Then $f^{-1}\colon N\to M$ is a Lipschitz map with Lipschitz constant $\le L^{n-1}$.
\end{lemma}

For any subset $A$ of a metric space $(X,\dist)$ and positive number $r$ we denote by $\Ball_r(A) = \braces[\big]{x\in X \st[\big]  \dist(x,A)<r}$ the open $r$-neighborhood of $A$ in $X$. In particular, if $A=\{x\}$ is a point, $\Ball_r(x)$ is the open $r$-ball about $x$ in $X$.

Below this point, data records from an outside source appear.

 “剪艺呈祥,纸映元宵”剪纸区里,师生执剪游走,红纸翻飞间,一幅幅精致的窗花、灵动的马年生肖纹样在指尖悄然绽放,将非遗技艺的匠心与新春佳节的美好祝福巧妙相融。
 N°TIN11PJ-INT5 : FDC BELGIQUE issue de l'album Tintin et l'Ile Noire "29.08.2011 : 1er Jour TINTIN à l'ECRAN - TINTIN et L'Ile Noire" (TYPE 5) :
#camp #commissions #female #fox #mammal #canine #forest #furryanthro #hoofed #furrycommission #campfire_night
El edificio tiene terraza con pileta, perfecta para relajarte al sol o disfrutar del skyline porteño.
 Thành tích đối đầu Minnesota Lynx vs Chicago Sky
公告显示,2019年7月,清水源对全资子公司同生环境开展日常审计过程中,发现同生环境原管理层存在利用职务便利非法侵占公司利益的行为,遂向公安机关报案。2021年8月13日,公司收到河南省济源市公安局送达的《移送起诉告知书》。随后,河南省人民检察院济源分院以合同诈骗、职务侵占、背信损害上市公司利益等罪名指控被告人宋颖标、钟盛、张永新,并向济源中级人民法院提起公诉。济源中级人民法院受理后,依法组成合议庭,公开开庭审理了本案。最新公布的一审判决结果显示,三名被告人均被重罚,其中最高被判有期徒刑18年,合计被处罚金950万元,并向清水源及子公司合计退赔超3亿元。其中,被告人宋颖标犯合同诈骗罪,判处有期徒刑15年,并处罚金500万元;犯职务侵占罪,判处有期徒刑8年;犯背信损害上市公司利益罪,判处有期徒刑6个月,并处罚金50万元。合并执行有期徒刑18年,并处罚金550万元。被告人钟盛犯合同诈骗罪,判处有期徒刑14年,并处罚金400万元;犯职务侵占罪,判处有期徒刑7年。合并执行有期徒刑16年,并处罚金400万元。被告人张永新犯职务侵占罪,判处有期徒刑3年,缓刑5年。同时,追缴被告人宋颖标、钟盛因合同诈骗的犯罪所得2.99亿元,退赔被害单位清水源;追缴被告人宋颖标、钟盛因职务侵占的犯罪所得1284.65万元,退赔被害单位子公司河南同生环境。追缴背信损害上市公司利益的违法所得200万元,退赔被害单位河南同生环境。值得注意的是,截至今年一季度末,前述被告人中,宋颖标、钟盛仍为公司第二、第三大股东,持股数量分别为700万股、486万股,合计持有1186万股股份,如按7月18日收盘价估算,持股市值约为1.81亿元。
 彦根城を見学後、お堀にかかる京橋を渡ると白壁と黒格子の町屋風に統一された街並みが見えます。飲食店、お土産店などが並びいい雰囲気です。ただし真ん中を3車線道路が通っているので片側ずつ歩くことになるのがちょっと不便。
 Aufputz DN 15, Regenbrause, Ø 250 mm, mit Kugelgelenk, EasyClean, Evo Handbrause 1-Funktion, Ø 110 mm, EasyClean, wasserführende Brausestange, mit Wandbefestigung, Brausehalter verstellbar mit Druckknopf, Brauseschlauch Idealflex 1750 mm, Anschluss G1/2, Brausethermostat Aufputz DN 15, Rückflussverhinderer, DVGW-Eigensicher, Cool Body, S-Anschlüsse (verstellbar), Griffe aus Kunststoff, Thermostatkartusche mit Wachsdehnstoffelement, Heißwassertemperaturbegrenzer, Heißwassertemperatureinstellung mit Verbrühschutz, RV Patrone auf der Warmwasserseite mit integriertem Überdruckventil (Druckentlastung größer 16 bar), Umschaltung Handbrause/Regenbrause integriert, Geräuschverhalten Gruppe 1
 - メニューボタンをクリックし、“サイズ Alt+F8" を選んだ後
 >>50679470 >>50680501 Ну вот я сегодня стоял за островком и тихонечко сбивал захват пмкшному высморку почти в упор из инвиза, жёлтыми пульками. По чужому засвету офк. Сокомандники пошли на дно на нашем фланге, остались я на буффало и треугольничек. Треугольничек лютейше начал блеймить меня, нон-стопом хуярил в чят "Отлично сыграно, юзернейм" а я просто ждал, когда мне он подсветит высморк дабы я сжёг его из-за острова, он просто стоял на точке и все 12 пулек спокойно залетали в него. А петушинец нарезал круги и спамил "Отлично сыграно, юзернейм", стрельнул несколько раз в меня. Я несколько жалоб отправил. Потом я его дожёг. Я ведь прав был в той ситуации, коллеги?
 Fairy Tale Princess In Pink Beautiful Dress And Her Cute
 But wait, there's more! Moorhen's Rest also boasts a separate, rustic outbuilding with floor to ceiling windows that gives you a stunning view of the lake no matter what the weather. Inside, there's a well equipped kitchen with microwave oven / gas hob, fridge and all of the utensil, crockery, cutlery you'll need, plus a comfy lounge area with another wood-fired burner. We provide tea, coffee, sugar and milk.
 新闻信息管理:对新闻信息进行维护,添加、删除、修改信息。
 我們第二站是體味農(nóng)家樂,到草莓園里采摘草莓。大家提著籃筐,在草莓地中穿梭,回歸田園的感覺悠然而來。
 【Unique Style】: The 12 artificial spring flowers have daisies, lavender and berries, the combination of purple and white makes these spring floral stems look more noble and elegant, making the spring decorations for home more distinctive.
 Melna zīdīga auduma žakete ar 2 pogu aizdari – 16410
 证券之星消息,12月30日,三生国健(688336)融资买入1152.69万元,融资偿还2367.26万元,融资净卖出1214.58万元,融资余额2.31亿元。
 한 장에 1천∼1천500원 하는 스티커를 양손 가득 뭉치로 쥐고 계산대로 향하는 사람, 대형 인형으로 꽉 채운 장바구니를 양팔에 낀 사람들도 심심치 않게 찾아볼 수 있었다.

By $\omega_k$ we denote the volume of the $k$-dimensional Euclidean unit ball.

\begin{proof}[Proof of Lemma~\ref{lip_homeomorphism}]
Fix $\eps>0$. We choose $r_0>0$ so small that:
\begin{itemize}
\item $r_0$ is smaller than the convexity radii of $M$ and $N$;
\item the singular values of the differential $\dif_v\exp_p$ of the Riemannian exponential map of $M$ lie between $1-\eps$ and $1+\eps$ whenever $v\in T_pM$ with $\abs{v}<r_0$ and $p\in M$.
\end{itemize}
Let $x \in M$ and $y = f(x) \in N$. Choose $r_1\in(0,r_0]$ such that $\Ball_{r_1}(x)\subseteq f^{-1}\parens[\big]{\Ball_{r_0}(y)}$. Since $f$ is a homeomorphism, $f\parens[\big]{\Ball_{r_1}(x)}$ is an open neighborhood of $y$ in $N$. Choose $r_2\in(0,r_1)$ such that $\Ball_{r_2}(y)\subseteq f\parens[\big]{\Ball_{r_1}(x)}$, see Figure~\ref{fig.3}.

\begin{figure}[h]
\begin{overpic}[width=\textwidth]{Bild2.png}
\put(17.5,17.8){$x$}
\put(82,15){$y$}
\put(81,9){$\textcolor{red}{\Ball_{r_2}(y)}$}
\put(16,3.3){$\textcolor{blue}{\Ball_{r_1}(x)}$}
\put(63,30){$\textcolor{black}{\Ball_{r_0}(y)}$}
\put(46,18){$\xrightarrow{\quad f\quad}$}
\end{overpic}
\caption{Choice of neighborhoods.}\label{fig.3}
\end{figure}

Now let $y_1,y_2 \in \Ball_{r_2}(y)$ and put $x_j \coloneqq f^{-1}(y_j)$. Denote the shortest geodesic from $y_1$ to $y_2$ by $\gamma\colon [0,1]\to N$. Since $r_2$ is smaller than the convexity radius of $N$, the curve $\gamma$ is entirely contained in $\Ball_{r_2}(y)$. Thus, $c \coloneqq f^{-1}\circ\gamma\colon [0,1]\to M$ is a continuous curve connecting $x_1$ and $x_2$ which is contained in $\Ball_{r_1}(x)$.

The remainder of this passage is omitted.